WHAT IS EXPECTED »
Once you find the line with "時R 的水平投影XB為極小值" in the entries below, print it and each line after it up to and including the line with "改造后运动场地夜间灯光效果", exactly, without pictures.

*** Opening THE DATA ***

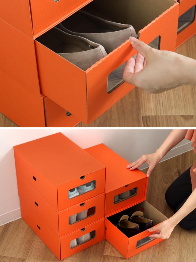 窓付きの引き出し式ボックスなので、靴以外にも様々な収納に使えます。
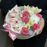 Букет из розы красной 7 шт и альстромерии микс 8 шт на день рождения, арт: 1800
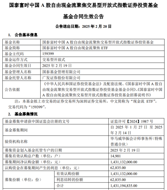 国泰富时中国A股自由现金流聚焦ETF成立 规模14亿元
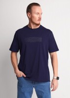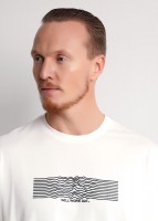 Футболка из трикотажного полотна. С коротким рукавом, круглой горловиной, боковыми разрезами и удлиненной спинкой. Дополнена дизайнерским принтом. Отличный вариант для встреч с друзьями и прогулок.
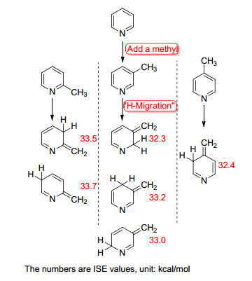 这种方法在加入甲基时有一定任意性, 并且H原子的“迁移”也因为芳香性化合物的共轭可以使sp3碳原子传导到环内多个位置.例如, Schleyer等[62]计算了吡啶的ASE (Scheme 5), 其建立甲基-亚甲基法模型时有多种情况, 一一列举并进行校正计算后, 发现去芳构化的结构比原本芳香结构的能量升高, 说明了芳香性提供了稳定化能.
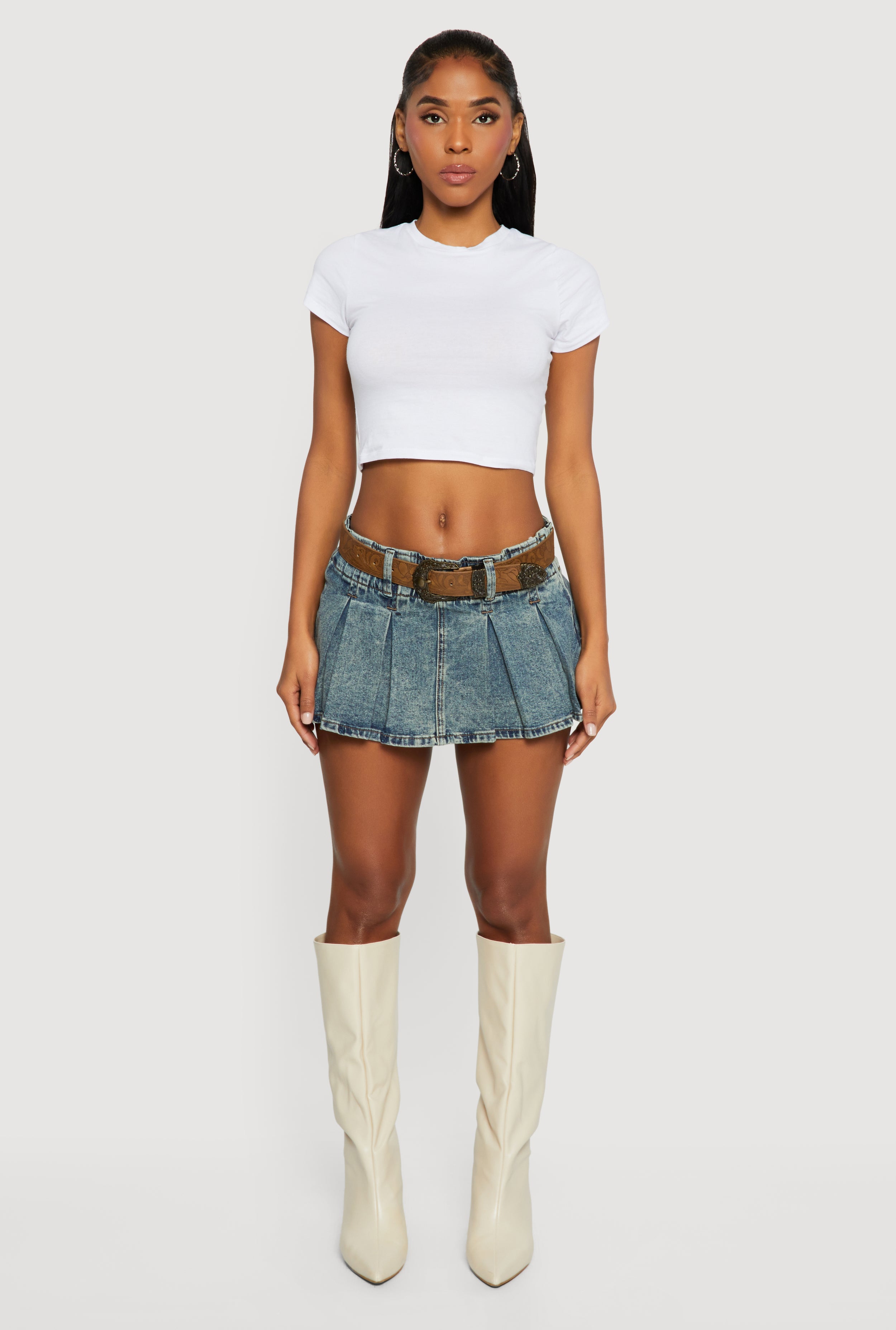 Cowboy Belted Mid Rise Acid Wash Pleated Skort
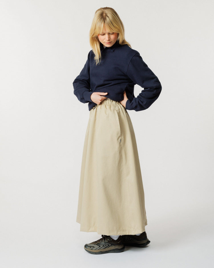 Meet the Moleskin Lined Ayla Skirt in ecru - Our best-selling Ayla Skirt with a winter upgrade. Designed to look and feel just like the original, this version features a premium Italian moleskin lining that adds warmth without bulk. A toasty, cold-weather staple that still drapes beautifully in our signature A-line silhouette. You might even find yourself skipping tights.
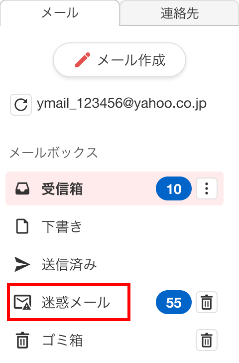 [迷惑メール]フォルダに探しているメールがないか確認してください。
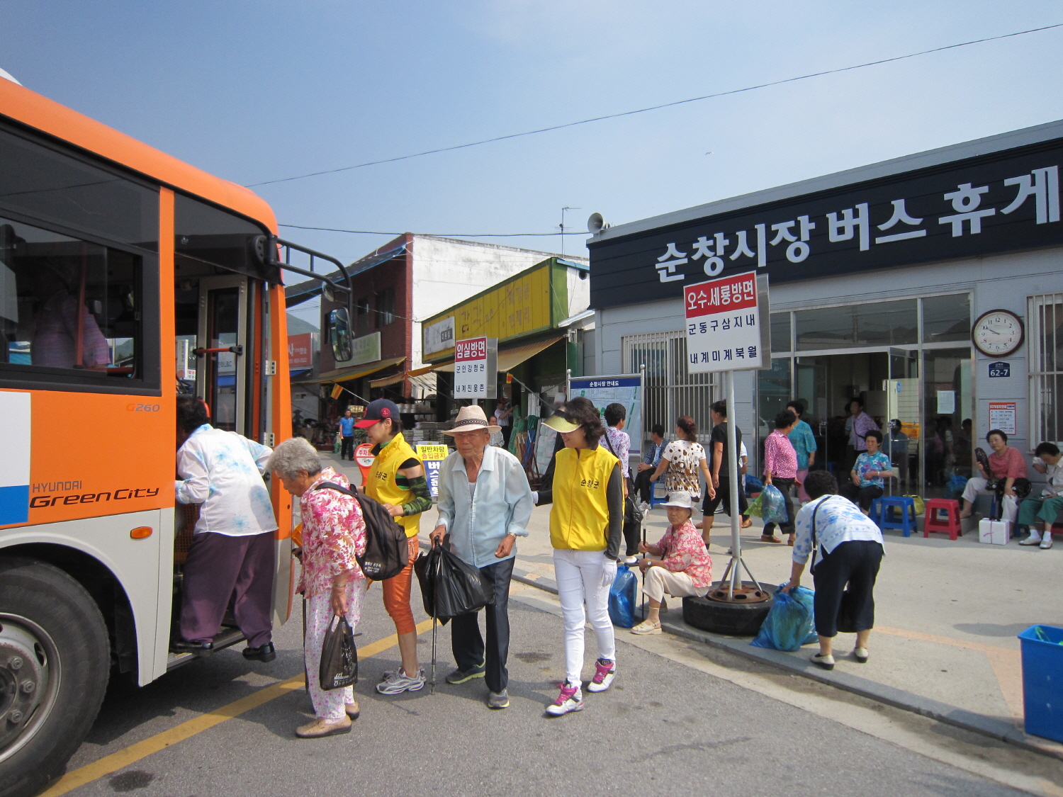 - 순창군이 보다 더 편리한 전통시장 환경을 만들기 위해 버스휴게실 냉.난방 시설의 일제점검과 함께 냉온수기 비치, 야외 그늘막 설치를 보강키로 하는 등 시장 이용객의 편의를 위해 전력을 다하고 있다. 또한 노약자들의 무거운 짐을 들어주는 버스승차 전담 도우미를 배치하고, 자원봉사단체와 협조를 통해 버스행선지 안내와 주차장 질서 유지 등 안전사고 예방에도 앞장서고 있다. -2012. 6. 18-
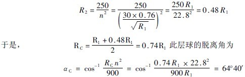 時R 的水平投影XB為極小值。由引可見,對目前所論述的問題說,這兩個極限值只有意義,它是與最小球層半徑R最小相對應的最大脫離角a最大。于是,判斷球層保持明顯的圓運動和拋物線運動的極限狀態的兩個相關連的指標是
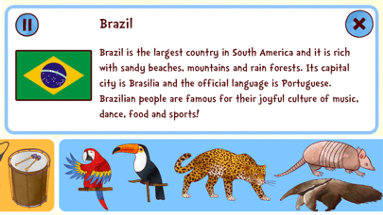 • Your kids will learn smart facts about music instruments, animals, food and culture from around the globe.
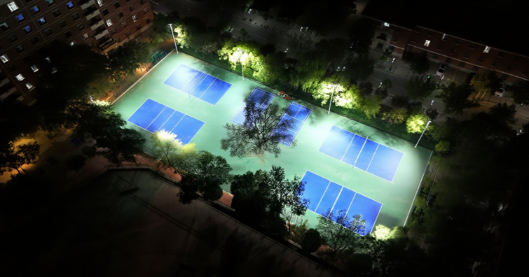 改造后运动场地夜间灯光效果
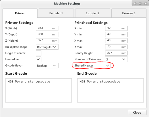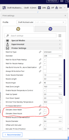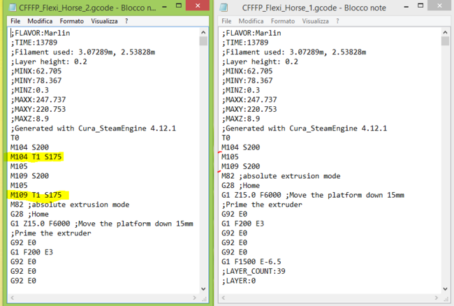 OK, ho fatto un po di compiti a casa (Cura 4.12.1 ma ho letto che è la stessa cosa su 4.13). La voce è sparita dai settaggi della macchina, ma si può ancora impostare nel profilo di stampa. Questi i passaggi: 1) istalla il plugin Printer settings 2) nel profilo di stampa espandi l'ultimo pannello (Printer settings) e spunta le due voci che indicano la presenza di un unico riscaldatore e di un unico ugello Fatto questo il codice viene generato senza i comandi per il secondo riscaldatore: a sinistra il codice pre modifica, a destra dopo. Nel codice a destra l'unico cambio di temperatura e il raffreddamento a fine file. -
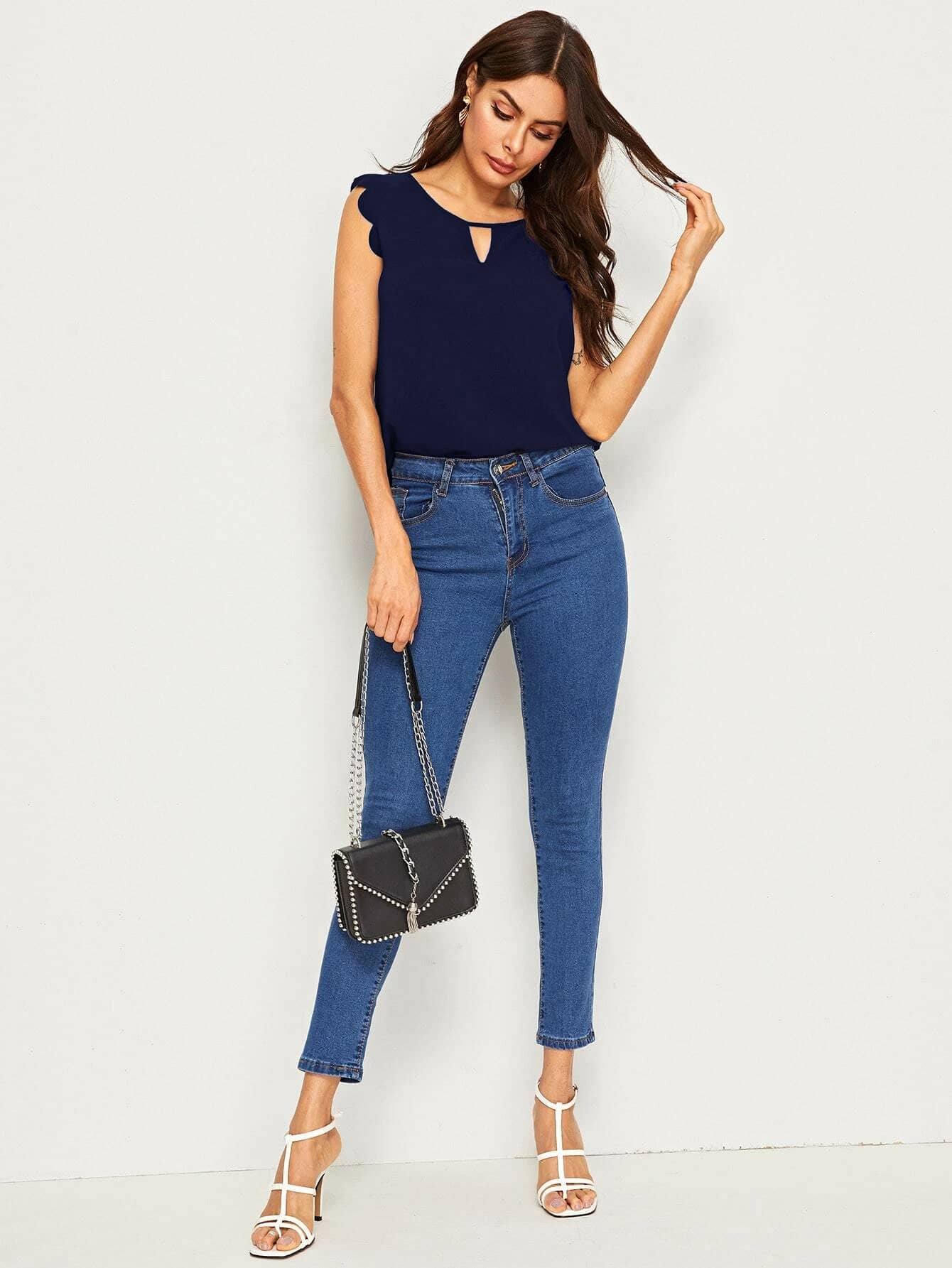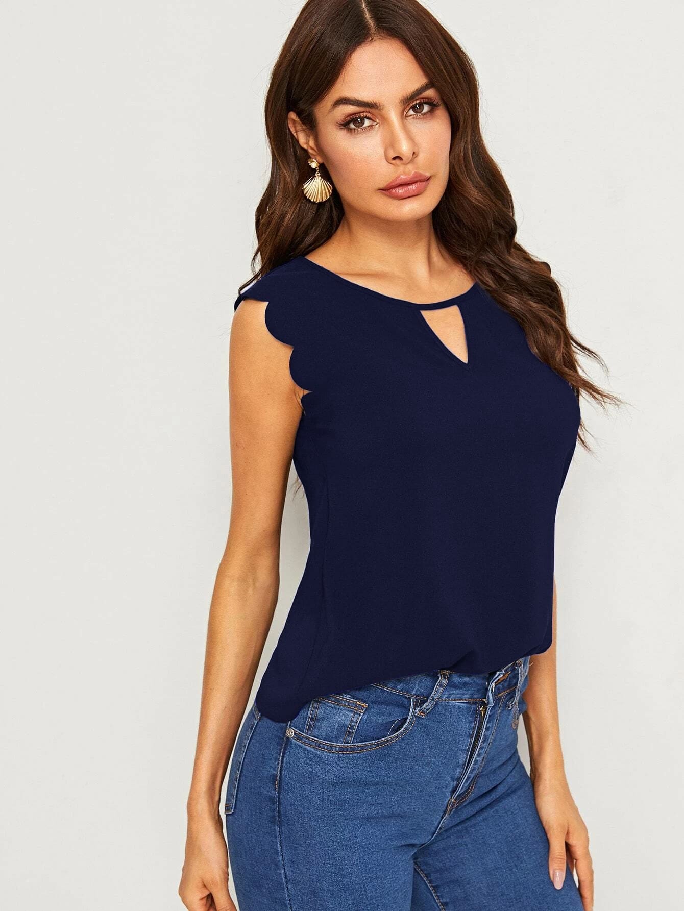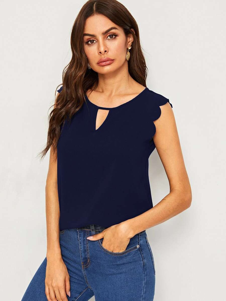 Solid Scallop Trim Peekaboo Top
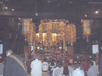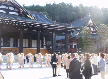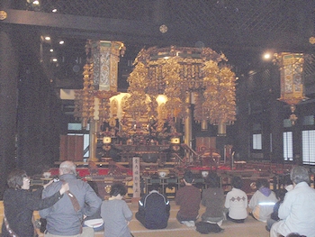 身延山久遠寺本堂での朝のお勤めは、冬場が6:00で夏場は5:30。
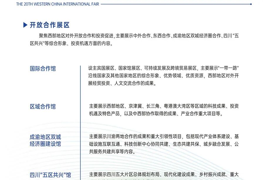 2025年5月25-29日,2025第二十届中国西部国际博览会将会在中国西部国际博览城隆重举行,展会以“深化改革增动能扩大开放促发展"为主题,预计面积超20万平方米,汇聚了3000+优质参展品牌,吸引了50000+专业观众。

*** Closing THE DATA ***

YOUR SOLUTION »
 時R 的水平投影XB為極小值。由引可見,對目前所論述的問題說,這兩個極限值只有意義,它是與最小球層半徑R最小相對應的最大脫離角a最大。于是,判斷球層保持明顯的圓運動和拋物線運動的極限狀態的兩個相關連的指標是
 • Your kids will learn smart facts about music instruments, animals, food and culture from around the globe.
 改造后运动场地夜间灯光效果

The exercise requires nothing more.